In 2012 I was very lucky to teach a workshop at the Tokyo Institute of Technology. I taught science students at one of Japan's best science universities. The professor who organized the workshops (economist Noboru HIDANO) was interested in expanding students thinking with other disciplines like art and music. There was implicit in this the question of what differences exist and what similarities are shared between art and science. My take at the time was they tended to use the same paths of “creativity” and critical thinking, but the conclusions ended up going in different directions: science being “reductivist” [I'm not intending any negative value judgements here], finding the simple in the complex, etc., art being something that makes simple things complicated, being less disciplined and finding understanding provisional (before the fact).
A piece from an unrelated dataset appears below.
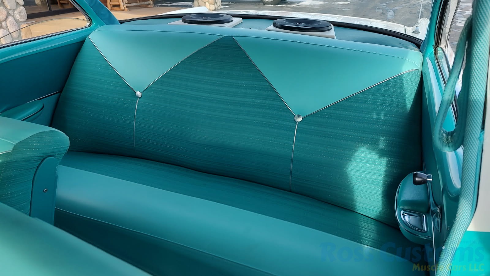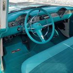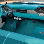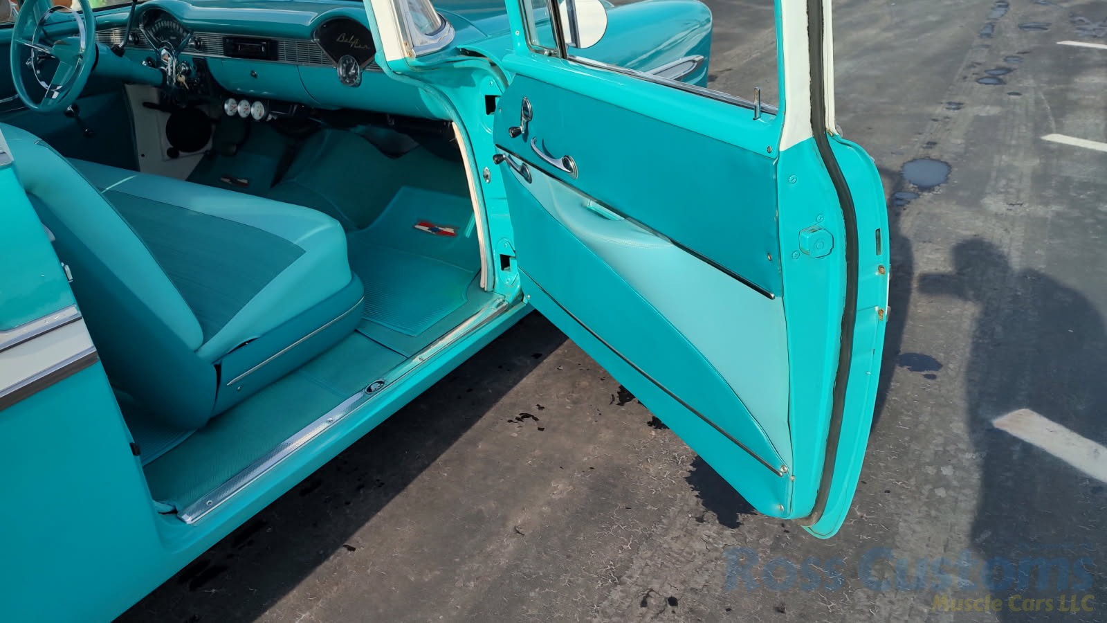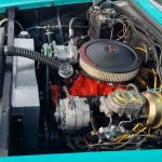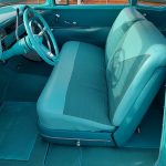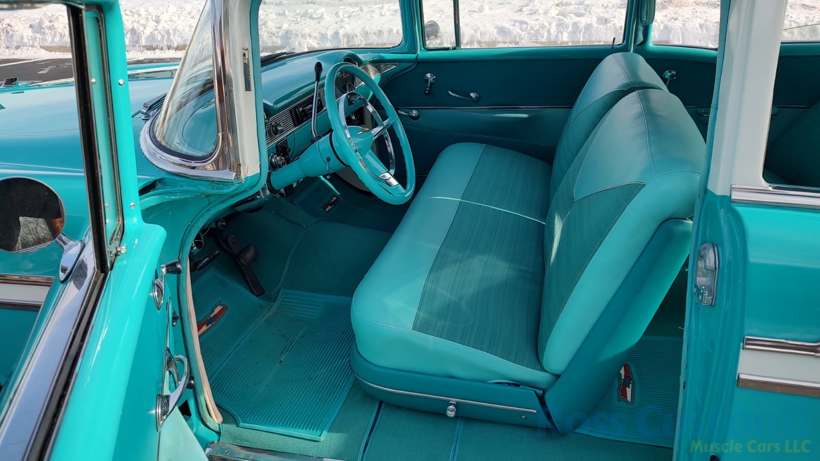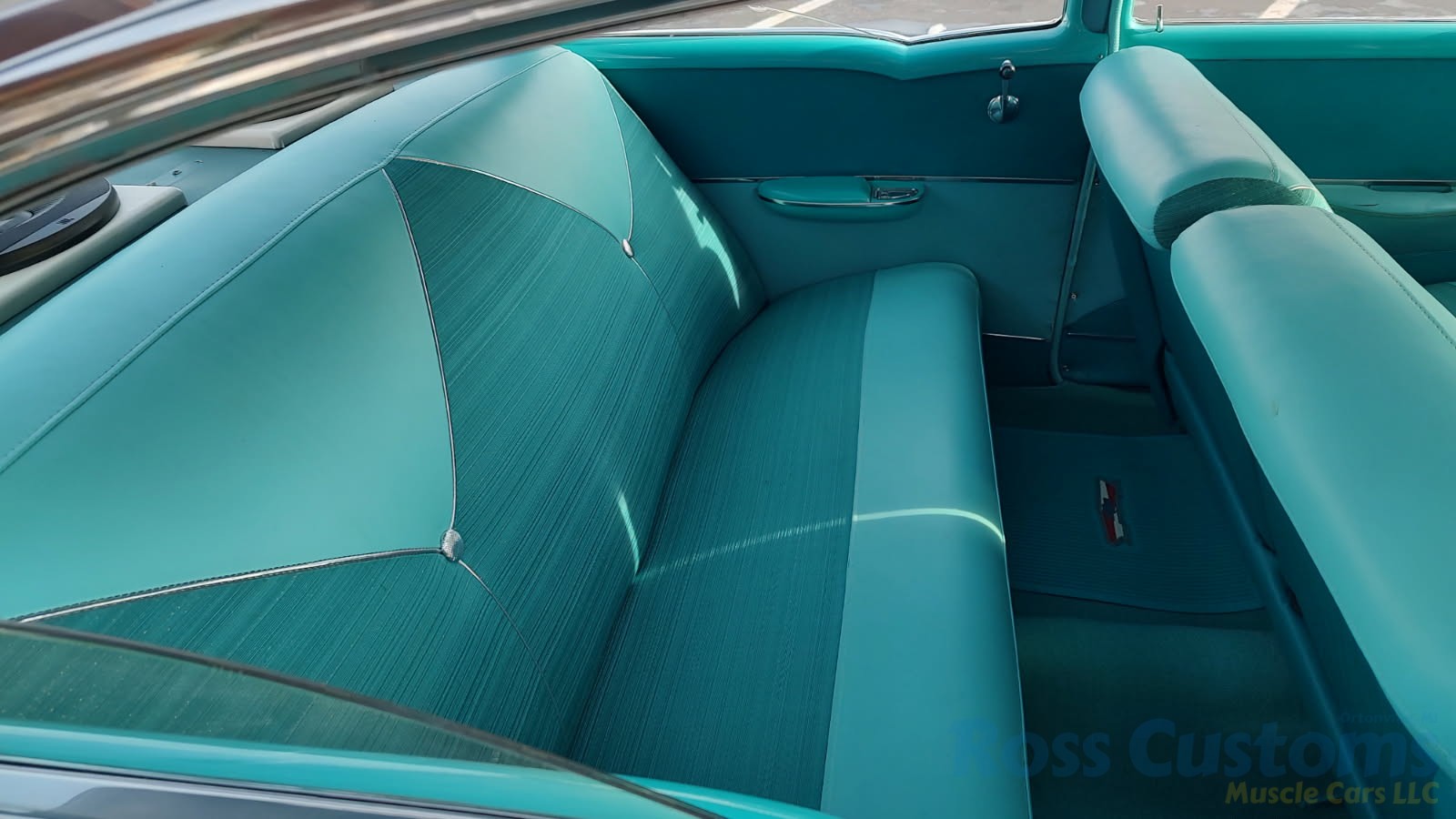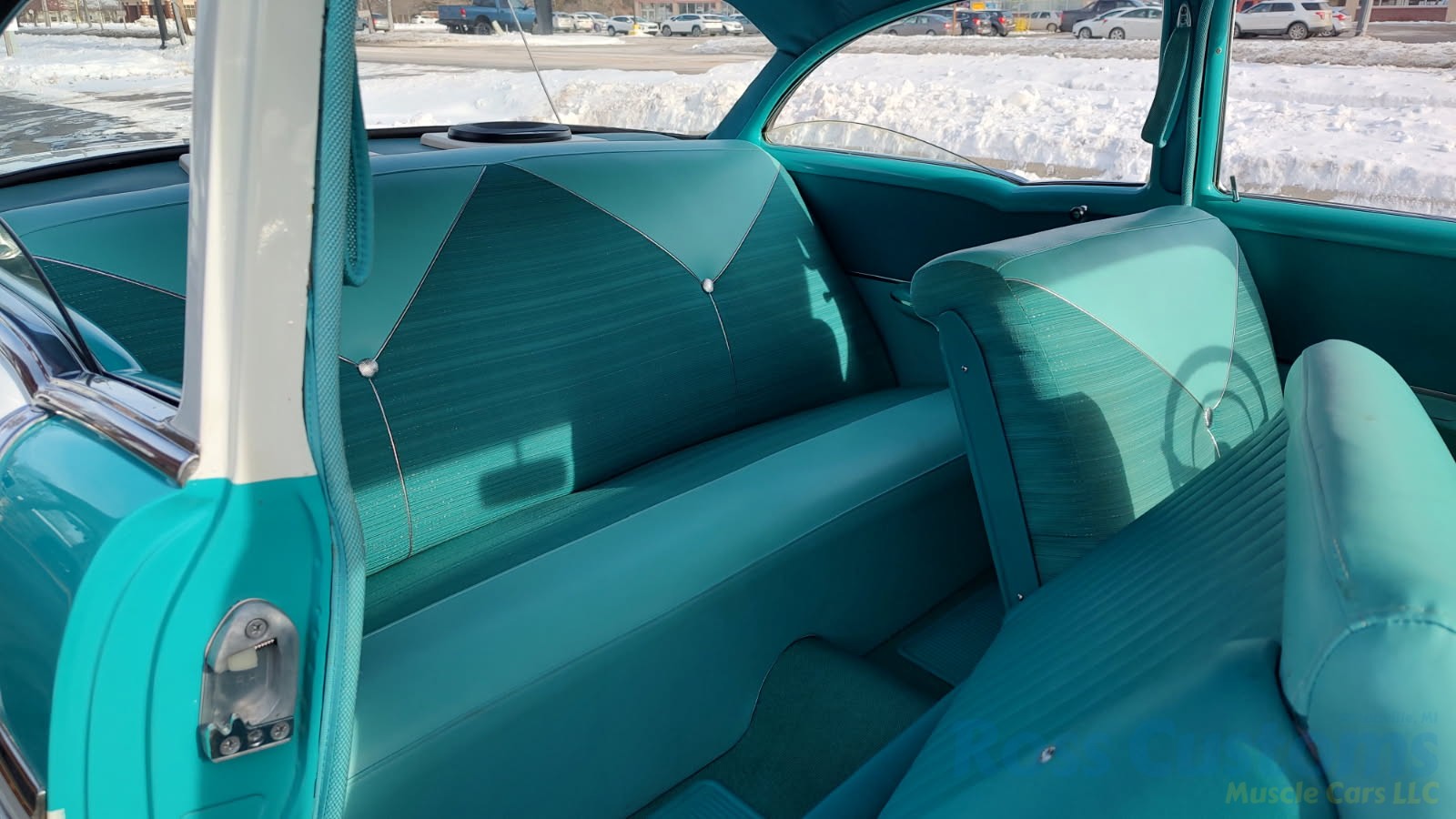 This is a very clean 56 Bel Air with several upgrades, done in factory Turquoise and White, basecoat clearcoat – older restoration still looks good, most of all the glass appears to be factory original in very good condition, at time of restoration had new window rubbers; as well as weather stripping and window felts, original window stainless and upper Bel Air trim in very good condition, new side view mirrors, door handles appear to be original in good condition, hood jet and hood emblem have been replaced, hood bar and fender eyebrows look like new, original grill, grill moldings and parking light surrounds in very good condition, front bumper and bumper guards have been re-chromed, original Bel Air side trim has been re-polished in excellent condition, original taillight bezels and housing in good condition, new deck lid emblems, rear bumper has also been re-chromed.

I'm exploring different thoughts now. This may not be the best way to explain it, and it is oversimplified (because art and science do both of these things) but maybe we can think of science trying to understand the world and art trying to make a world. When I say making of a world (really, worlds), this doesn't necessarily mean making objects (though obviously… ) but more like making ideas, or putting things into play. [Here think of Draxler's essay on Krebber.]

This talk of science and art is all to make a plea. I'm interested in science and I think it is useful to compare art and science. These two disciplines are very different, but it is precisely these differences, along with their (sometime surprising) similarities, that is important to think about. Science has many disciplines within it, and within those disciplines, many motivations. To demand science be practical, or that it be measured by its usefulness, seems incredibly short-sighted to me. But this is what so often happens in art. Art must be this way or that. If it isn't political (and this will be my main example here) it isn't worth doing. It's just twiddling around with paint, not helping anyone, clipping your toenails while the house burns down.

Not revealing something (research-based work not revealing something?)

Art’s conservatism and the “one variable” problem

Art as, not a discovery of the world (science), but a making of the world (making of ideas?)

— Aaron Van Dyke


This texts were written for summer school at the Poor Farm. It was intended to be read there in 2016, but wasn't finished… it remains unfinished. This version (or something very close to it) was read at summer school at the Poor Farm in 2018 by Sara Suppan, in the middle of the night, in the middle of Wisconsin. Thanks Sara!